Business Communications: Communication Channels - Activity 3-1

1.    Consider the following verbal and non-verbal barriers to communication. Which
barriers are associated with which components of the communication discussed
above? Write your answers in the table below:

Components of
Barriers to communication that may be associated with
each component

Non-verbal Barrier/s
c) Inappropriate emotions
It is generally more effective to depend on logic instead of emotions when
communicating. For example, being overly enthusiastic about what you are
saying can alienate some audiences. Or allowing your emotions to run away with
you (e.g. not reining in your sadness or anger) can embarrass both you and your
audience, or worse, result in a communication breakdown (e.g. excessive anger
can create such an emotionally charged environment that reasonable discussion
is not possible).
d) Distractions
Any environmental or competing element that restricts one’s ability to concentrate
on the communication task hinders effective communication.
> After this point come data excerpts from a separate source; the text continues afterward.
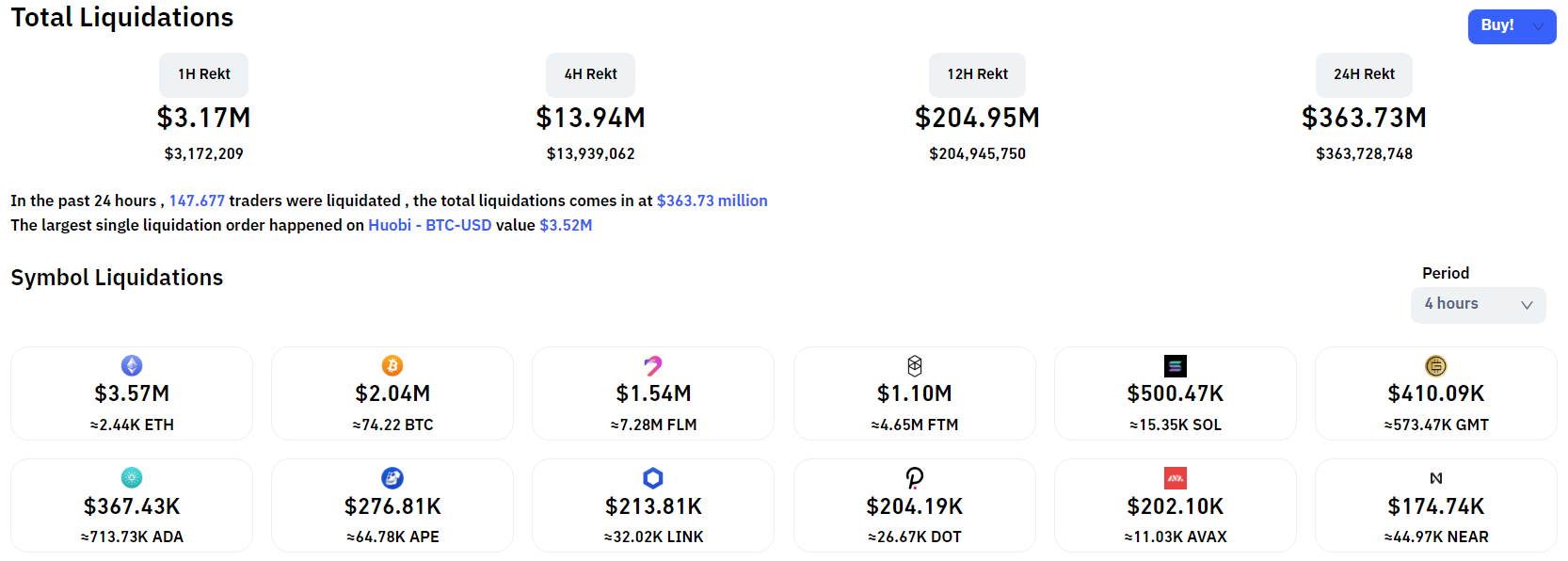 Tổng thanh lý tăng vọt vào ngày 10/6 khi thị trường rộng lớn phản ứng với số liệu lạm phát mới của Hoa Kỳ. Đến hôm nay, con số này vẫn không ngừng tăng lên và vào thời điểm viết bài, 363,7 triệu đô la đã bị thanh lý trong 14h qua, theo Coinglass.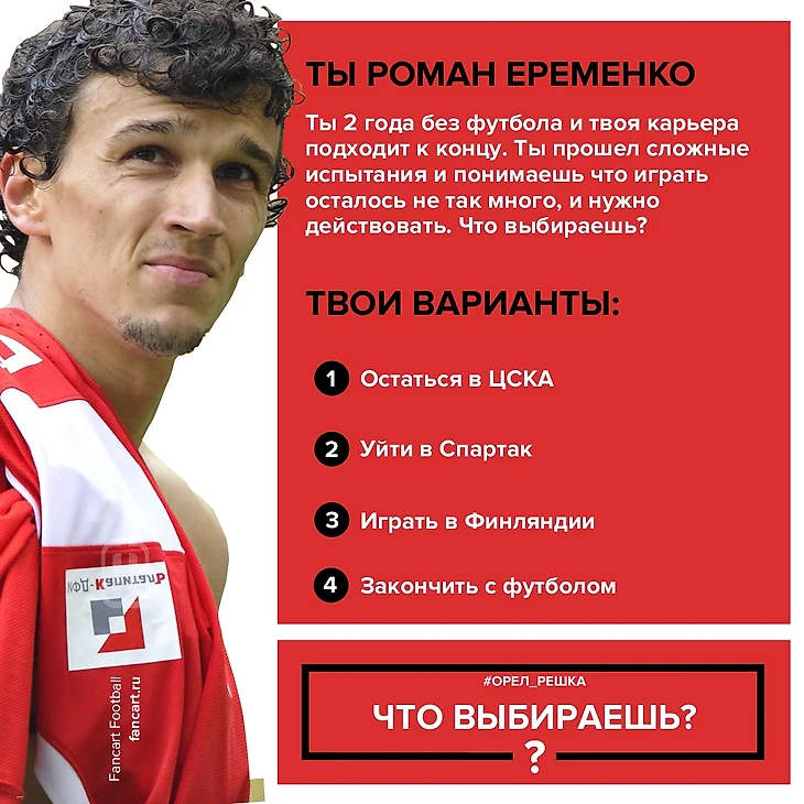 Ты Роман Еременко. Ты 2 года без футбола и твоя карьера подходит к концу. Ты прошел сложные испытания и понимаешь что играть осталось не так много, и нужно действовать. Что выбираешь?
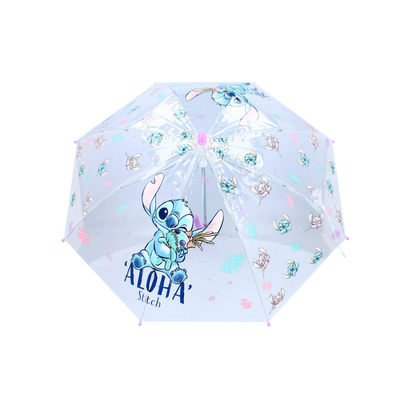 Te presentamos el paraguas de Stitch de la colección «Días de lluvia». Este paraguas transparente es perfecto para los fans de Lilo & Stitch que quieran llevar su caos cósmico favorito a sus aventuras cotidianas. Con detalles en rosa y alegres imágenes de Stitch en todo tipo de poses divertidas, este paraguas hace que los días de lluvia sean mucho más divertidos. El diseño transparente permite a niños y padres ver cómo cae la lluvia, mientras permanecen secos bajo el amplio diámetro del paraguas. La robusta construcción y la cómoda asa hacen que este paraguas sea fácil de llevar, incluso para manos pequeñas. Los detalles en rosa aportan un color suave, mientras que los dibujos de Stitch añaden un toque juguetón que gusta tanto a niños como a mayores. Añada este encantador paraguas de Stitch de la colección «Rainy Days» a su surtido y ofrezca a sus clientes un producto tan práctico como divertido. Ya sea para el colegio, una excursión o un paseo bajo la lluvia, este paraguas garantiza q

Such distractions
are called noise. Note that ‘noise’ in communication is not always something
auditory (i.e. heard with the ear); it can be anything distracting such as the room
layout or the way people are dressed or what they are doing (e.g. using their
smartphones while someone is making a presentation).

Verbal Barrier/s
a) Inadequate knowledge or vocabulary
Before you can even begin to think about how you will communicate an idea, you
must have sufficient knowledge about the topic to know what you want to say.
b) Differences in interpretation
Sometimes senders and receivers attribute different meanings to the same word
or attribute the same meaning to different words. When this happens,
miscommunication can occur.
Non-verbal Barrier/s
b) Differences in perception
This may be influenced by people’s differences in orientation, exposure or
experience, knowledge, values, and the like.

Verbal Barrier/s
e) Over abstraction and ambiguity
An abstract word refers to an idea or feeling instead of to a concrete object or
something that can be seen or touched. For example, ‘communication’ is an
abstract word, whereas ‘memorandum’ is a concrete word. Abstract words are
necessary in order to communicate about things you cannot see or touch.
However, communication problems result when you use too many abstract words
or when you use too high a level of abstraction. The higher the level of
abstraction, the more difficult it is for the receiver to visualize exactly what the
sender has in mind.

Verbal Barrier/s
c) Language differences
This includes the nuances of the same language. For instance, the English
language may have different pronunciation, terms, expressions depending on
whose English (e.g. American English, Australian English, British English, Filipino
English, Singaporean English) is used.
d) Inappropriate use of expressions
Examples include slang, jargon, and euphemisms. Slang is a highly informal
expression, often short-lived, that is identified with a specific group of people.
Jargon is the technical terminology used within specialized groups. Euphemisms
are expressions used in place of words that may offend.
Non-verbal Barrier/s
a) Inappropriate or conflicting signals
When we say one thing — for example, that we are pleased to meet someone —
but our actions, posture, or expression suggests a contradictory message, others
will usually believe what we do rather than what we say.

Verbal Barrier/s
f) Polarization
At times, some people act as though every situation is divided into two opposite
and distinct poles, with no allowance for a middle ground. What you say and do
not say might create or lead to polarization. For example, when you congratulate
only one of the three people who took part in making a company presentation,
how would the other two presenters feel, even though you said nothing negative
about their performance?

2. Recall situations when you experiences any or some of these verbal and non-verbal
barriers to communication. As a communicator, what can you do to minimize these
barriers to communication?

I would normally experience ‘Distractions’ during trainings.  As the trainer (communicator) I get easily distracted with my trainees borrowing calculators from one another reasoning out that they failed to bring one (despite the fact that the training is Basis Statistics and the course outline includes descriptive statistics computation).  To avoid or minimize such incidents, I will include the phrase ‘BRING A CALCULATOR’ in every email that I will send to the participants and every memo that I will post in the bulletin boards.